The National Basketball League (NBL) is a men's semi-professional basketball league in New Zealand.

In 1981, a group of club and provincial teams came together to create a men's national basketball league. The following year, the league was brought under the management of the New Zealand Basketball Federation. The league quickly grew in size and popularity due to the influx of sponsors and American import players. The early 1990s held dwindling fortunes for New Zealand basketball, with reduced TV coverage, sponsorships, and crowd numbers. The sport's popularity increased in the 2000s with the success of the Tall Blacks and the introduction of the New Zealand Breakers in the Australian NBL.

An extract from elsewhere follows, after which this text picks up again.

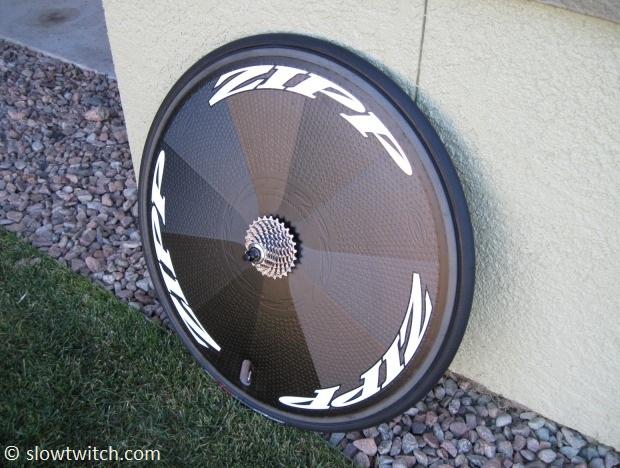 It’s good to see many more top-level professionals getting on the clincher bandwagon. This wheel really debuted in the Spring of 2012, under riders on the Omega-Pharma QuickStep pro cycling team. More recently, many of Zipp’s triathletes are switching to clinchers as well. Long-time Zipp clincher users include Jordan Rapp and TJ Tollakson. In Kona this year, however, big names such as Marino Vanhoenacker and Mirinda Carfrae made the switch. Both are former staunch tubular riders. It’s now commonly known that clinchers can be as-good-or-better than tubulars in the rolling resistance department, and if what Zipp tells us is true – they’re equal or better in aerodynamics. The weight delta continues to shrink, and the convenience factor cannot be ignored. The price is high, but you’ll get over that pretty quick… if you angle the light just right, you can see each individual “pie slice” of Zipp disc that will instantly make your wallet forgive you…

In the early days, Auckland, Canterbury and Wellington were the benchmark teams of the league. During the 1990s, Auckland and Nelson were the teams to beat, before Waikato joined Auckland as the dominant sides during the 2000s. During the 2010s, Wellington and Southland became the league's premier teams.

History 
The 1980s ushered in a period of exceptional growth and popularity for basketball in New Zealand. Late in 1981, six men's teams – a mixture of club and provincial representative sides – went out alone and created an inaugural national league. It was enough of a success to come under the control of the New Zealand Basketball Federation the following year, when it grew in size and secured a naming sponsor. An allowance of two imported players (invariably Americans with college basketball experience) per team, and the fact that games were played in the evening indoors, helped turn the league into a new family entertainment option. Spectators filled gymnasiums and media coverage reached unprecedented levels. The early 1990s held dwindling fortunes for New Zealand basketball and many teams in the NBL, with reduced TV coverage, sponsorships, and crowd numbers. With the success of the Tall Blacks at the 2002 FIBA World Championship and the introduction of the New Zealand Breakers in the Australian NBL in 2003, basketball in New Zealand rose in popularity again.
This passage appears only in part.